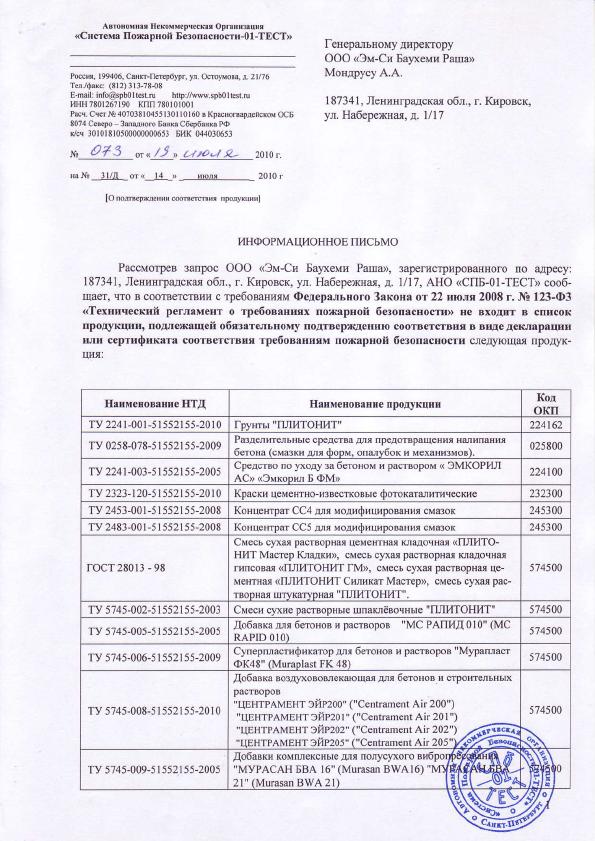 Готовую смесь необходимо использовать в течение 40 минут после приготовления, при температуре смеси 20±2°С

---

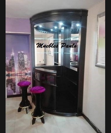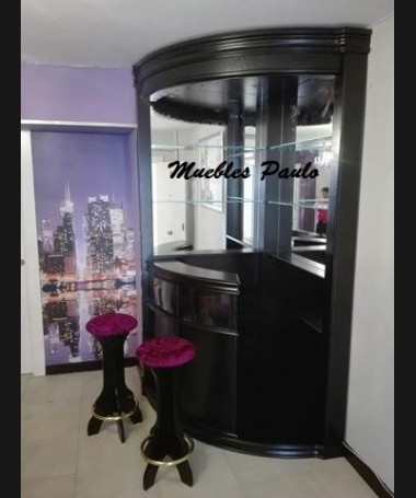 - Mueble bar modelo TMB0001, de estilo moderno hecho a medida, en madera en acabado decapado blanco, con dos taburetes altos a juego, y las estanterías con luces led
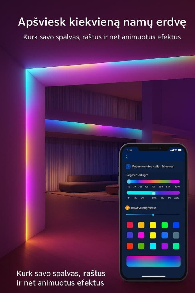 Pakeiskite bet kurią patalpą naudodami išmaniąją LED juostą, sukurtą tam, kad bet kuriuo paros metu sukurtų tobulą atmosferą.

● YOUR OBJECTIVE: Above are some entries; copy exactly the lines from the line with "- Mueble bar" through the line with "Pakeiskite bet kurią", both included, but none of the pictures.

● ANSWER SPACE:
 - Mueble bar modelo TMB0001, de estilo moderno hecho a medida, en madera en acabado decapado blanco, con dos taburetes altos a juego, y las estanterías con luces led
 Pakeiskite bet kurią patalpą naudodami išmaniąją LED juostą, sukurtą tam, kad bet kuriuo paros metu sukurtų tobulą atmosferą.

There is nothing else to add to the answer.